Related information:
Spider-Man is a fictional Marvel Comics superhero. The character was created by writer-editor Stan Lee and writer-artist Steve Ditko. He first appeared in Amazing Fantasy #15 (Aug. 1962). Lee and Ditko conceived of the character as an orphan being raised by his Aunt May and Uncle Ben as an ordinary teenager, having to deal with the normal struggles of youth in addition to those of a costumed crime fighter. Spider-Man's creators gave him super strength and agility, the ability to cling to most surfaces, shoot spider-webs using devices of his own invention which he called "web-shooters," and react to danger quickly with his "spider-sense", enabling him to combat his foes.

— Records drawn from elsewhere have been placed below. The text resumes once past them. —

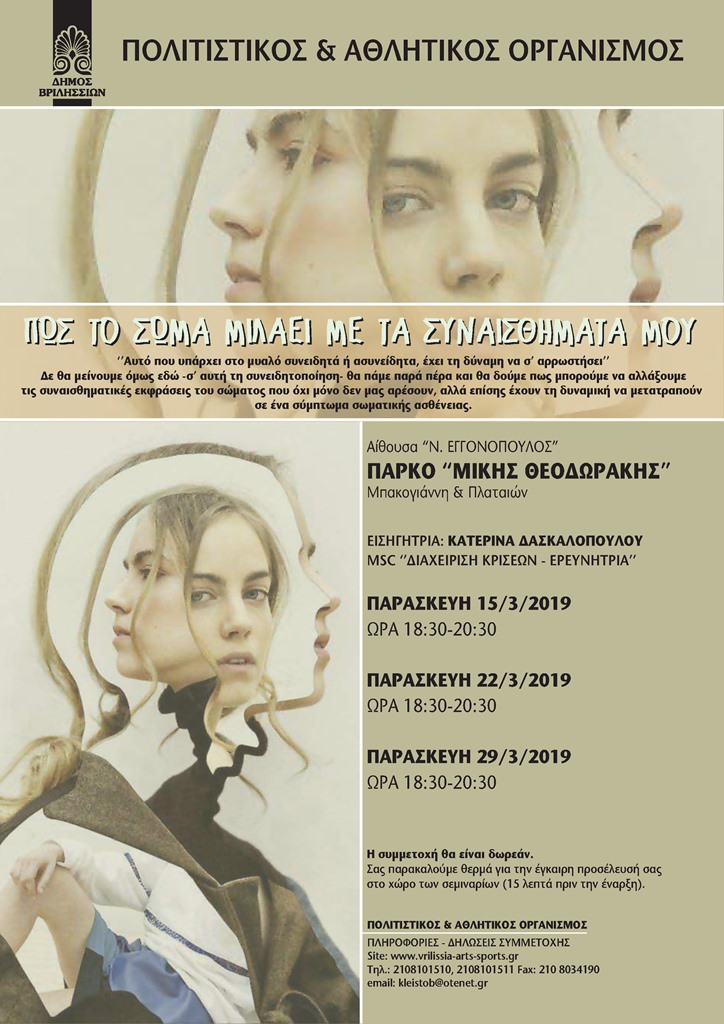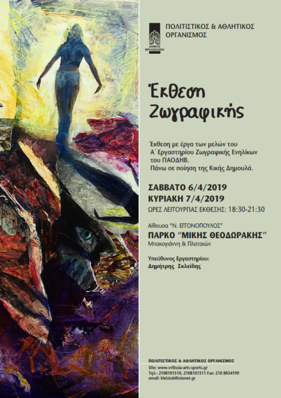 Η Πρόεδρος του Πολιτιστικού & Αθλητικού Οργανισμού του Δήμου Βριλησσίων και ο υπεύθυνος του Α΄ Εργαστηρίου Ζωγραφικής Ενηλίκων Δημήτρης Σκλείδης, σας προσκαλούν στην έκθεση με έργα των μαθητώντου Εργαστηρίου, πάνω…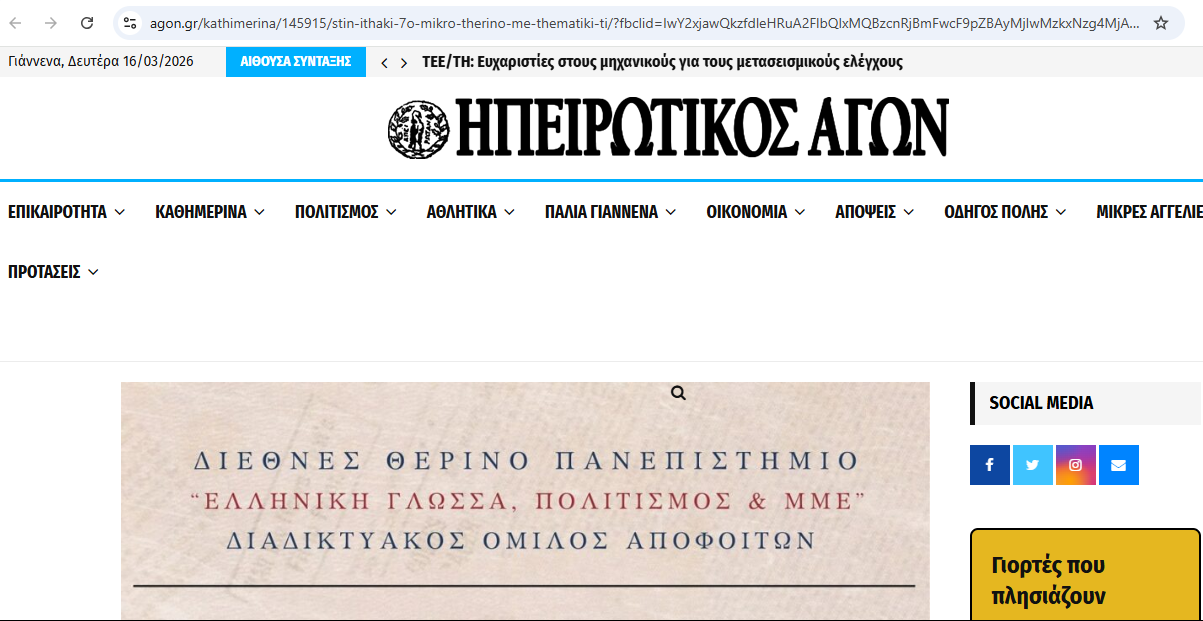 Στην Ιθάκη «7ο Μικρό Θερινό» με θεματική τη γλωσσική μεταβολή https://www.agon.gr/kathimerina/145915/stin-ithaki-7o-mikro-therino-me-thematiki-ti/?fbclid=IwY2xjawQkzfdleHRuA2FlbQIxMQBzcnRjBmFwcF9pZBAyMjIwMzkxNzg4MjAwODkyAAEeleiRBLGN_KKQPsmAneKR6iGnrmFHJkA8PYKV2dhdJ7v8OFHf6u8-fHAf9O4_aem_6e-NGpWytEepXxLIfvULOA: Στην Ιθάκη «7ο Μικρό Θερινό» με θεματική τη γλωσσική μεταβολή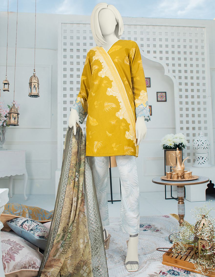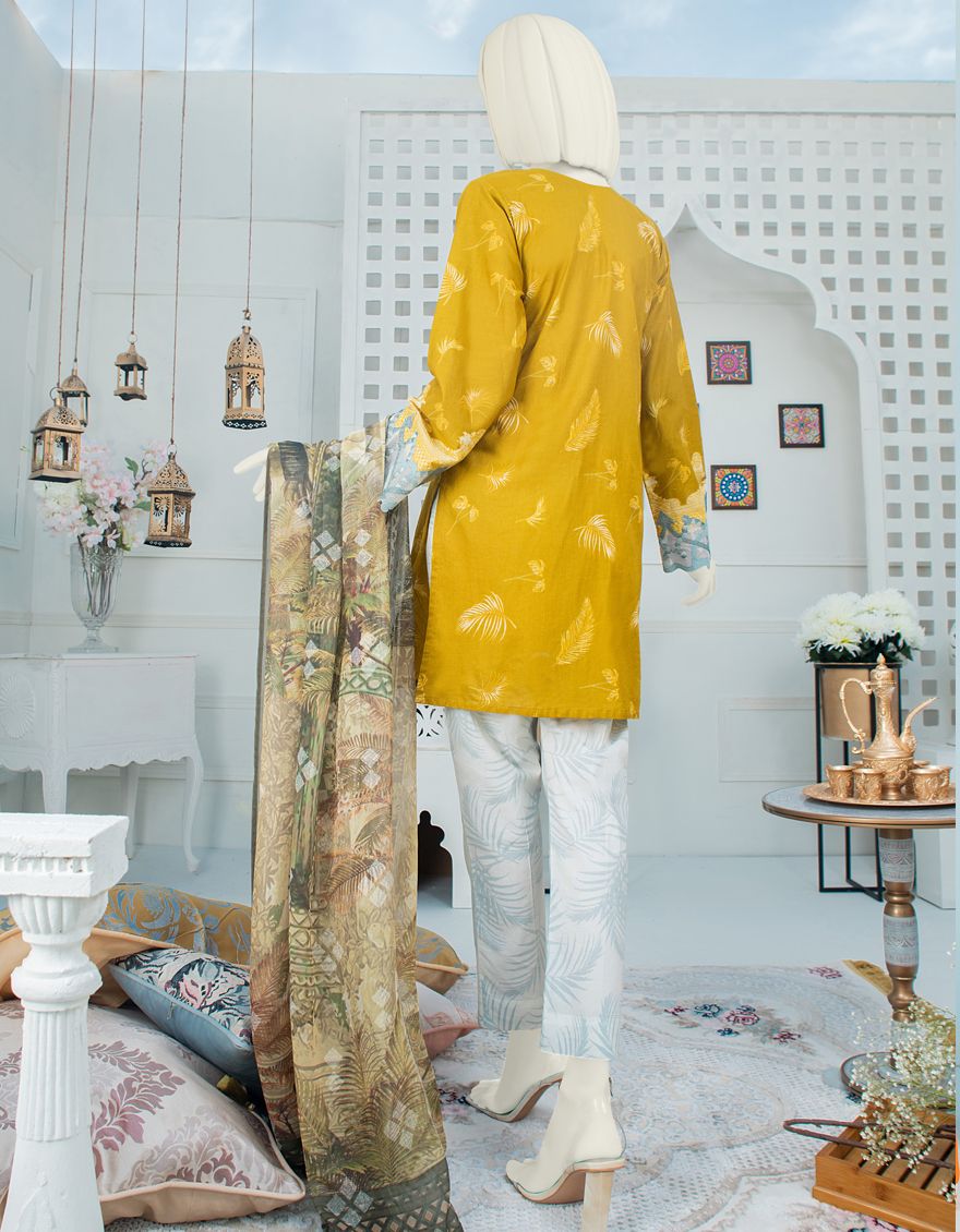Embroidered Mill Print Lawn Shirt - Mill Print Basic Lawn Trouser - Basic Burnout Lawn Dupatta

When Spider-Man first appeared in the early 1960s, teenagers in superhero comic books were usually relegated to the role of sidekick to the protagonist. The Spider-Man series broke ground by featuring Peter Parker, a teenage high school student to whose "self-obsessions with rejection, inadequacy, and loneliness" young readers could easily relate.[1]:210 Unlike previous teen heroes such as James Buchanan "Bucky" Barnes and Robin, Spider-Man did not benefit from being the protege of any adult mentors like Captain America and Batman, and thus he had to learn for himself that "with great power comes great responsibility" — a line included in a text box in the final panel of the first Spider-Man story, but later retroactively attributed to his guardian, the late Uncle Ben.
Marvel has featured Spider-Man in several comic book series, the first and longest-lasting of which is titled The Amazing Spider-Man. Over the years, the Peter Parker character has developed from shy high school student to troubled but outgoing college student to married high school teacher to, in the late 2000s, a single freelance photographer, his most typical adult role. He is now a member of an unofficial splinter group of the Avengers, one of Marvel's flagship superhero teams. In the comics, Spider-Man is often referred to as "Spidey," "web-slinger," "wall-crawler," or "web-head."
Spider-Man is one of the most popular and commercially successful superheroes. As Marvel's flagship character and company mascot, he has appeared in many forms of media, including several animated and live-action television shows, syndicated newspaper comic strips and a successful series of films starring actor Tobey Maguire as the "friendly neighborhood" hero. Spider-Man was named Empire magazine's fifth-greatest comic-book character.